A Generic Framework for Enhancing Autonomous Driving Accuracy through Multimodal Data Fusion

Abstract

Higher-level autonomous driving necessitates the best possible execution of important moves under all conditions. Most of the accidents in recent years caused by the AVs launched by leading automobile manufacturers are due to inadequate decision-making, which is a result of their poor perceivance of environmental information. In today’s technology-bound scenarios, versatile sensors are used by AVs to collect environmental information. Due to various technical and natural calamities, the environmental information acquired by the sensors may not be complete and clear, due to which the AVs may misinterpret the information in a different context, leading to inadequate decision-making, which may then lead to fatal accidents. To overcome this drawback, effective preprocessing of raw sensory data is a mandatory task.
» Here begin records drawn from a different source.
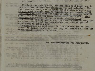 Tiny Otten: "Toen de gemeente Diepenveen begon met het ophalen van het vuil, woonden wij al aan de Okkenbroekerveldweg. Wij werden bij de kern van Okkenbroek ingedeeld. Daar hebben we toen wat van gezegd want in de kern moest je meer betalen terwijl wij buiten de kern vielen maar voor het ophalen van vuil werden we bij de kern ingedeeld. Wij kregen gegalvaniseerde emmers met een deksel en een hengsel.”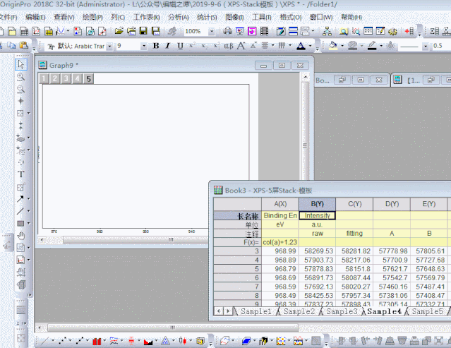 本文非常詳細地演示了XPS-5堆stack圖的繪制過程,略顯啰嗦,目的是為了充分展示繪圖過程,對初學者能快速掌握Origin繪圖技巧非常有幫助。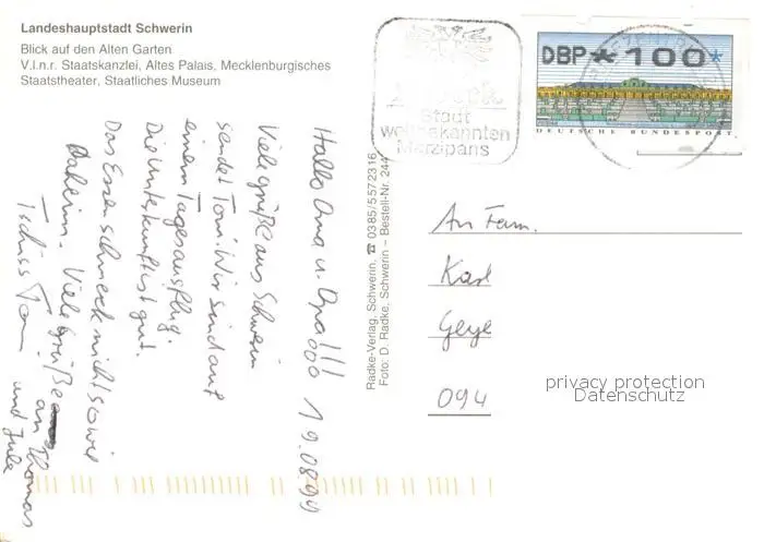 Schwerin__Mecklenburg Blick auf den Alten Garten Staatskanzlei Altes Palais Staatstheater Museum Landeshauptstadt postalisch gelaufen 1999 Erhaltung siehe scans [FriedD77] Frierer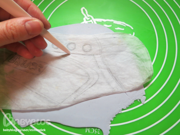 Вырезаем следующую деталь, обвожу контуры палочкой для отпечатка на мастике.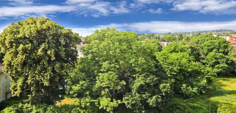 Edles Eichenparkett, Fußbodenheizung und -kühlung moderne Küchen mit Markengeräten (u. a. Miele) sowie elektrische Raffstores bieten erstklassigen Wohnkomfort. Eine Photovoltaikanlage und die energieeffiziente Haustechnik erfüllen die EU-Taxonomie-Anforderungen.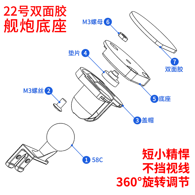 倒车摄像头方形机器专用支架粘贴底座可调固定汽车记录仪后摄像头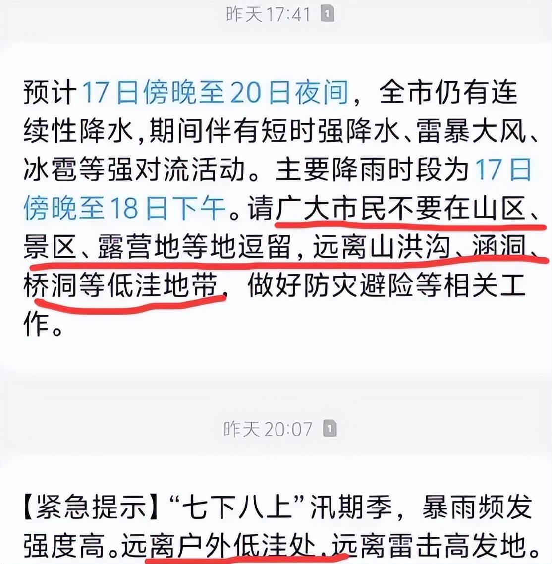 更值得注意的是,出遊前一天,天氣預報已經發布了兩天的預警,提醒人們避免處于地勢低洼處並做好防范,但這一行人卻沒有重視。
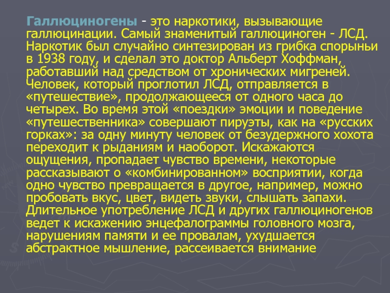 Галлюциногены - это наркотики, вызывающие галлюцинации. Самый знаменитый галлюциноген - ЛСД. Наркотик был случайно синтезирован из грибка спорыньи в 1938 году, и сделал это доктор Альберт Хоффман, работавший над средством от хронических мигреней. Человек, который проглотил ЛСД, отправляется в «путешествие», продолжающееся от одного часа до четырех. Во время этой «поездки» эмоции и поведение «путешественника» совершают пируэты, как на «русских горках»: за одну минуту человек от безудержного хохота переходит к рыданиям и наоборот. Искажаются ощущения, пропадает чувство времени, некоторые рассказывают о «комбинированном» восприятии, когда одно чувство превращается в другое, например, можно пробовать вкус, цвет, видеть звуки, слышать запахи. Длительное употребление ЛСД и других галлюциногенов ведет к искажению энцефалограммы головного мозга, нарушениям памяти и ее провалам, ухудшается абстрактное мышление, рассеивается внимание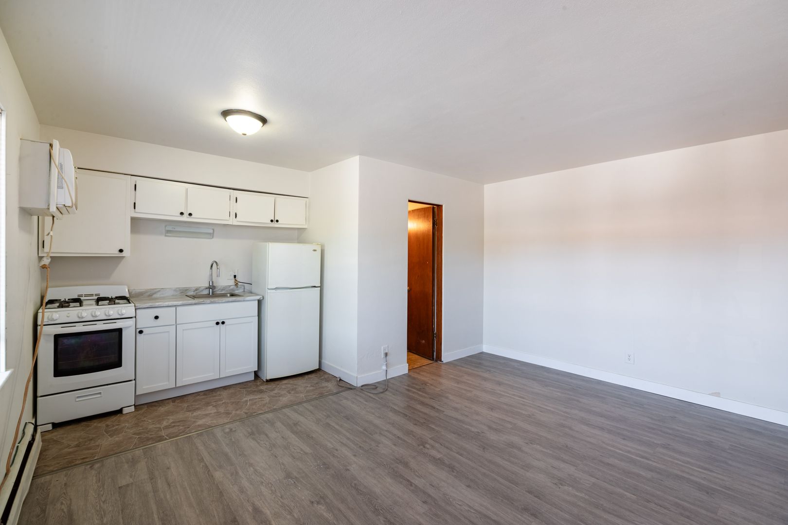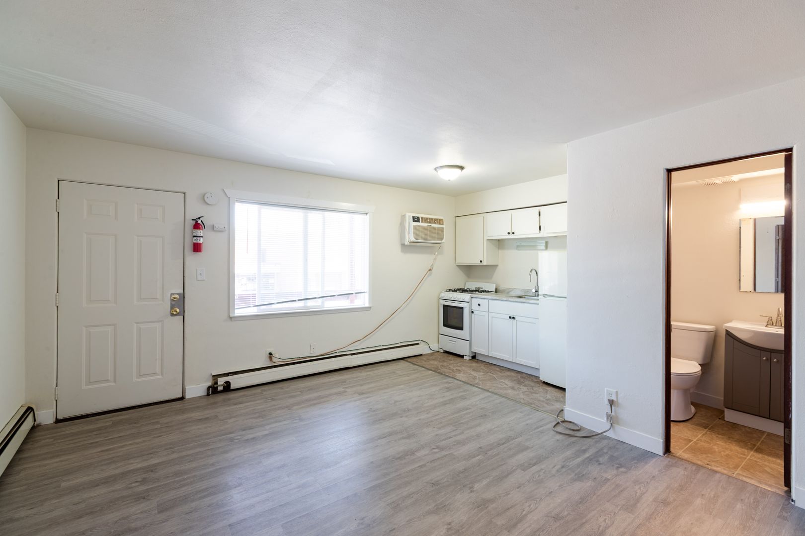 This spacious studio has new vinyl flooring, air-conditioning, new windows and a full kitchen. There is on-site laundry for tenant use. All utilities are included in rent. Cats are considered for an extra $50/mo.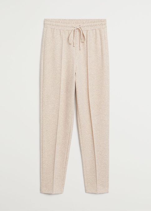 Покрај класичното стилско карирано палто и едноставната, но секогаш привлечна бела маичка на куси ракави, во есенската комбинација актерката вметна памучни панталони налик тренерки во неодолива крем нијанса.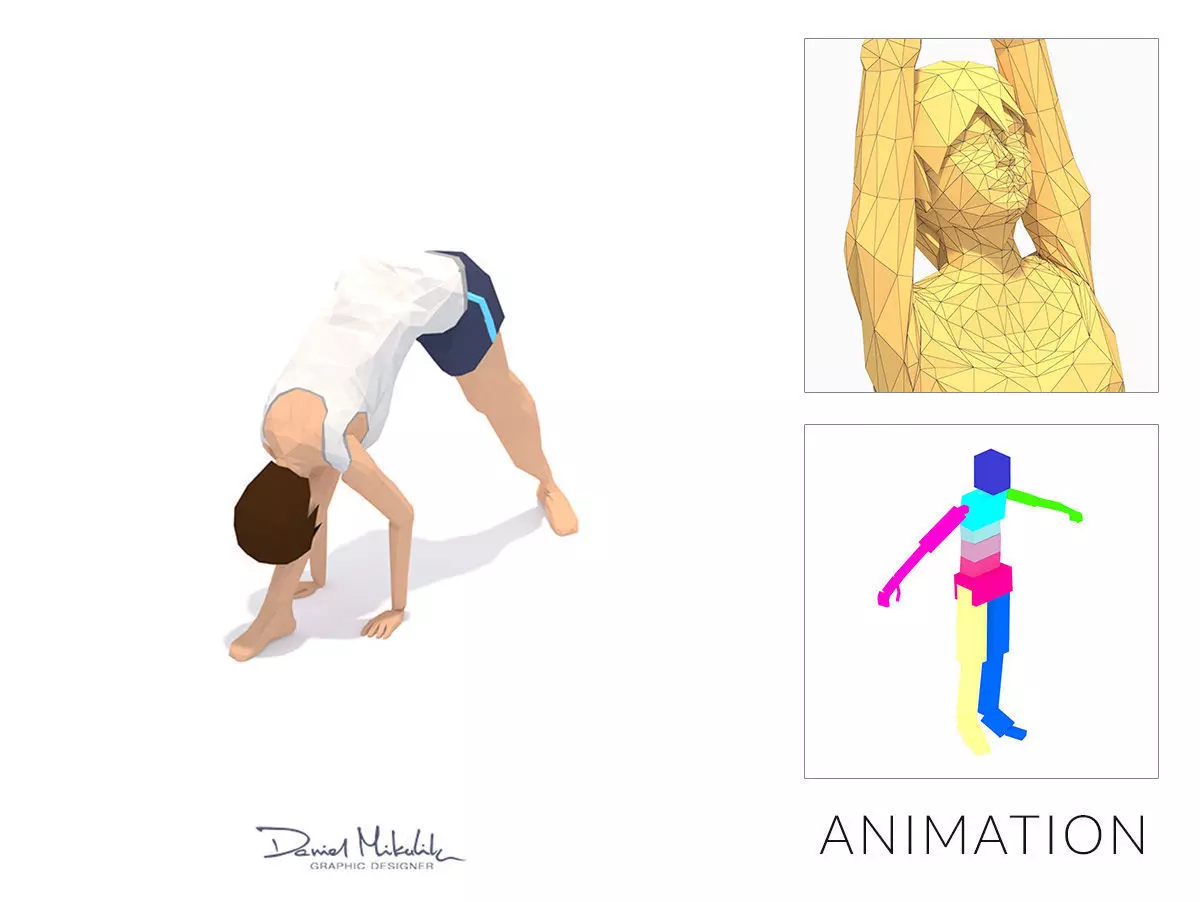 Pyramid Yoga Exercise Woman Animation Low-poly 3D model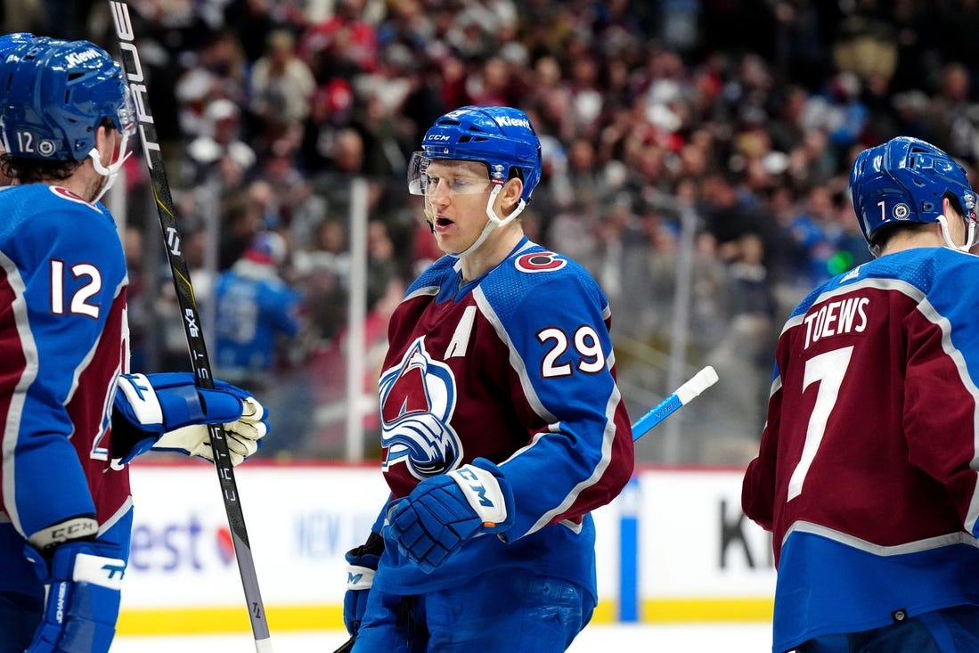 MacKinnon had a natural in the second period and matched his career-best, single-game goal total. He has recorded at least one point in all 24 Colorado home games, breaking a tie with Joe Sakic (2000-01) for the longest home point streak in franchise history. MacKinnon’s second straight four-plus-point game gave him the NHL scoring lead with 82 points.
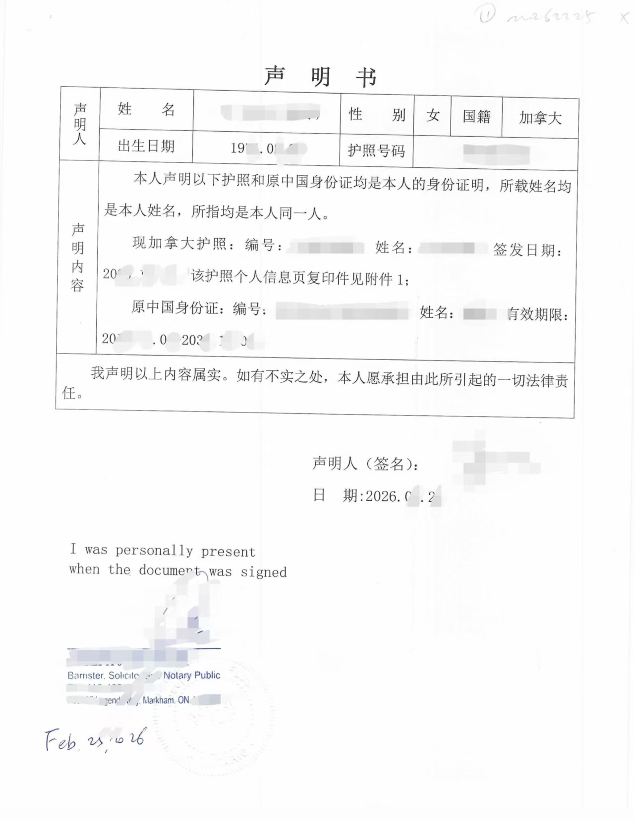 当事人现场签署声明书,由安省持牌律师 Notary Public 见证签字并加盖执业印章。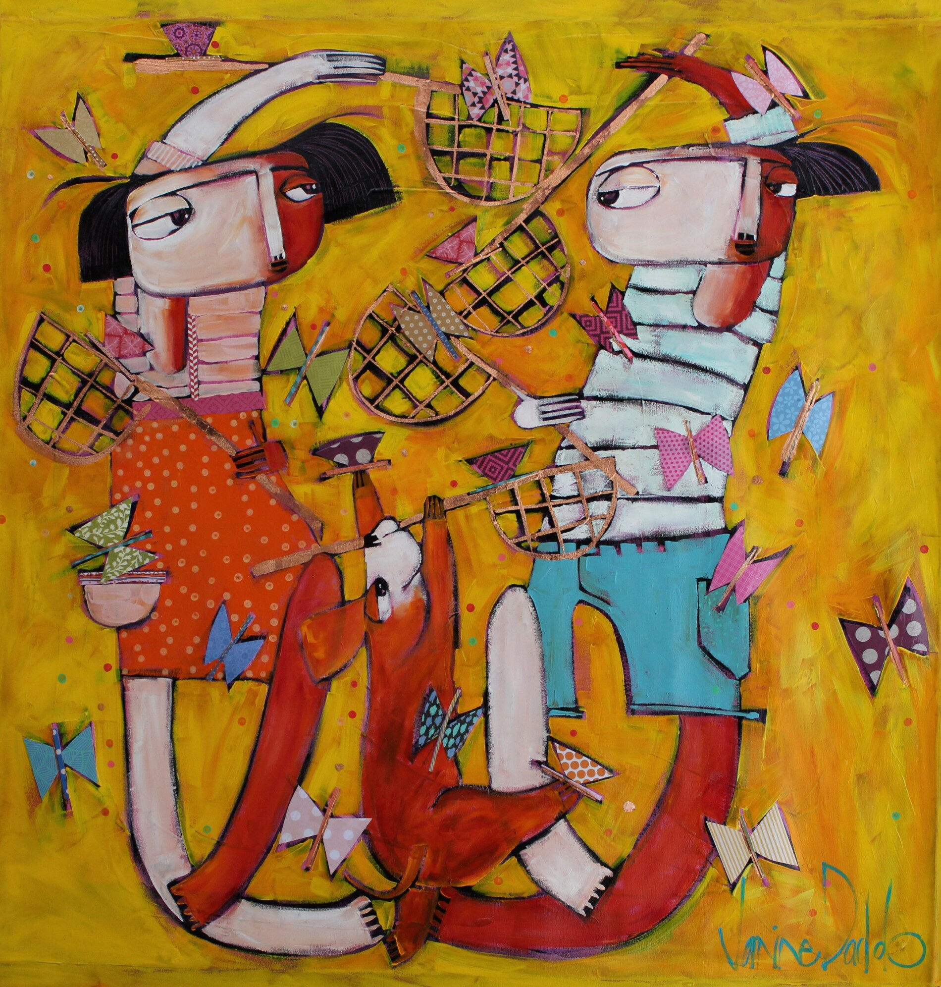 Un attimo sospeso tra sguardi e silenzi: due figure si ritrovano nell’oro di un paesaggio sognante, seguite da un cagnolino e circondate da farfalle colorate. L’inizio di un amore diventa qui eterno.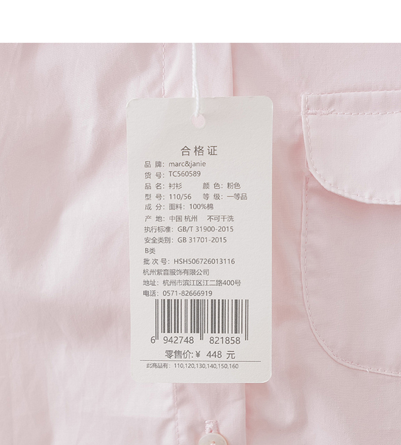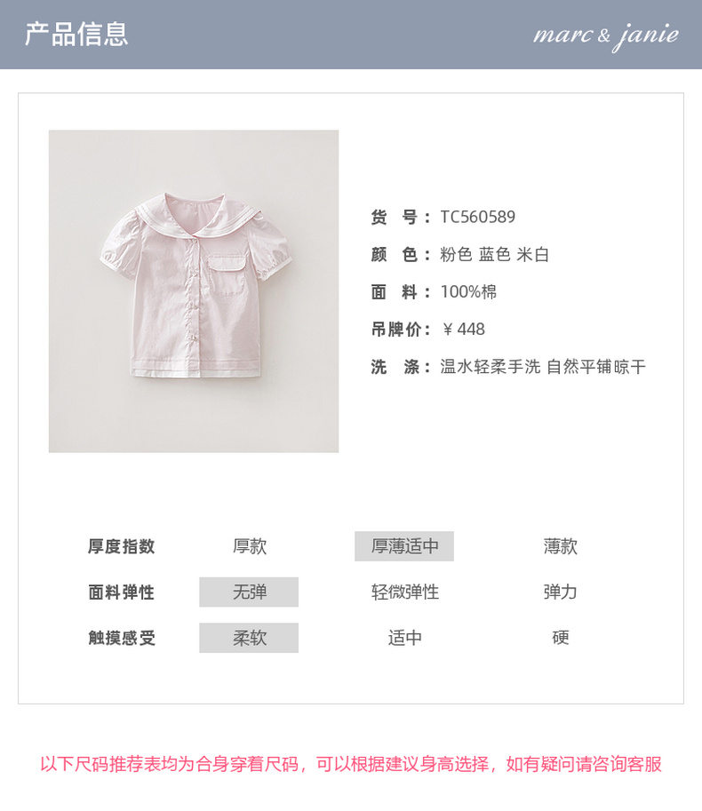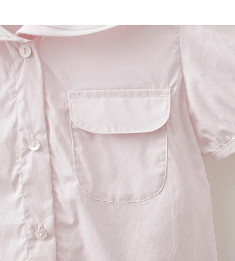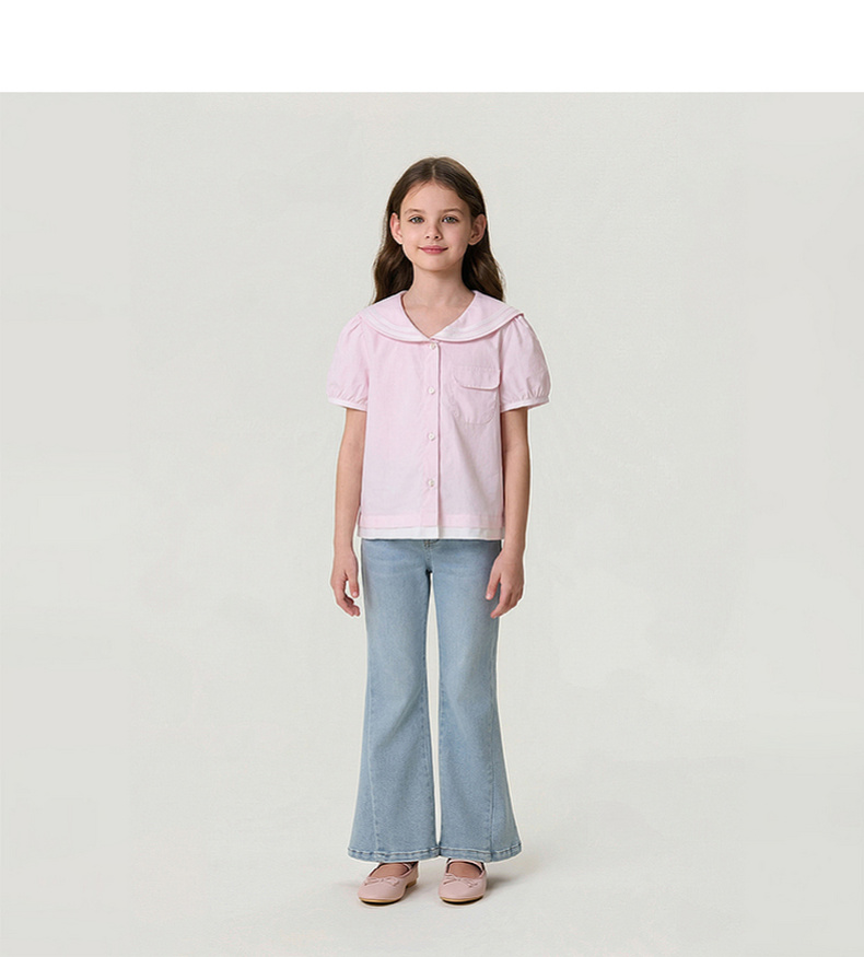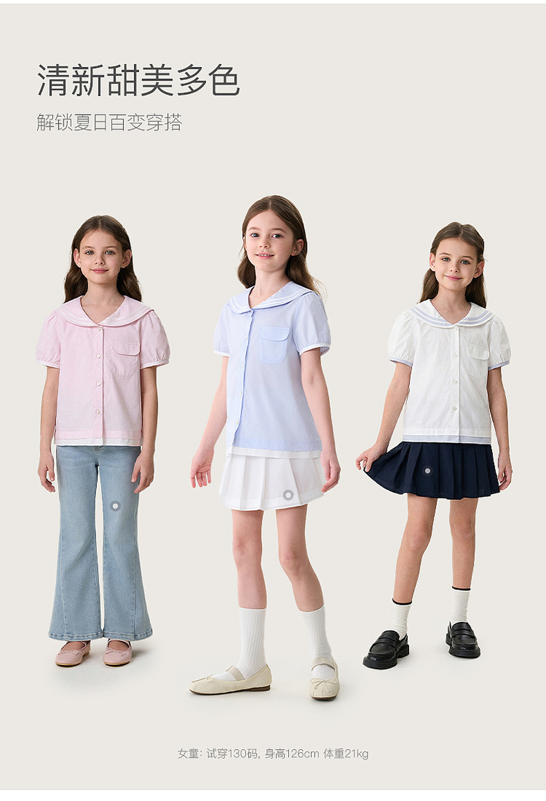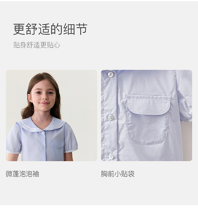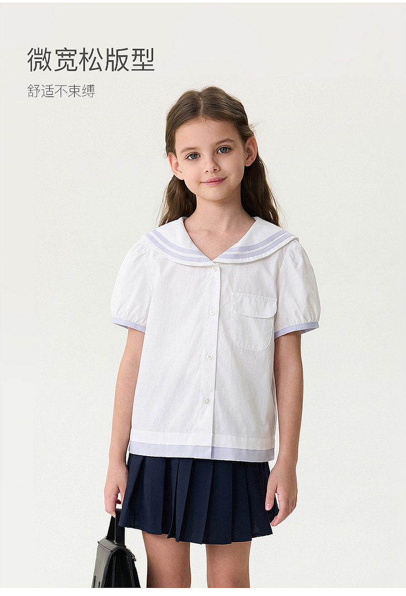 马克珍妮甜美海军风女童纯棉短袖衬衫2026年夏装新款560589

Pre-processing the sensory data involves two vital tasks, namely data cleaning and data fusion. Since the raw sensory data are complex and exhibit multimodal characteristics, more emphasis is given to data preprocessing. Since more innovative models have been proposed for data cleaning, this study focused on data fusion. In particular, this study proposed a generic data fusion engine, which classifies different formats of sensory data and fuses them accordingly to improve accuracy. This study proposed a generic framework to fuse the text, image, and audio data. In the first stage of this research, an innovative hybrid model was proposed to fuse multispectral image and video data. Simple and efficient models to extract the salient image features were also proposed. The hybrid image fusion model that was proposed did not yield satisfactory outcomes when combining 3D point cloud data, and its performance declined when evaluating large datasets. To address this issue, the study expanded by introducing an advanced generative adversarial network (GAN) to transform the hybrid image fusion model into a machine learning model capable of handling substantial datasets. Additionally, customized kernel functions were suggested to fuse 3D point cloud data effectively. The performance of the proposed models was assessed using standard metrics and datasets, comparing them with existing popular models. The results revealed that the proposed image fusion model outperformed the other models.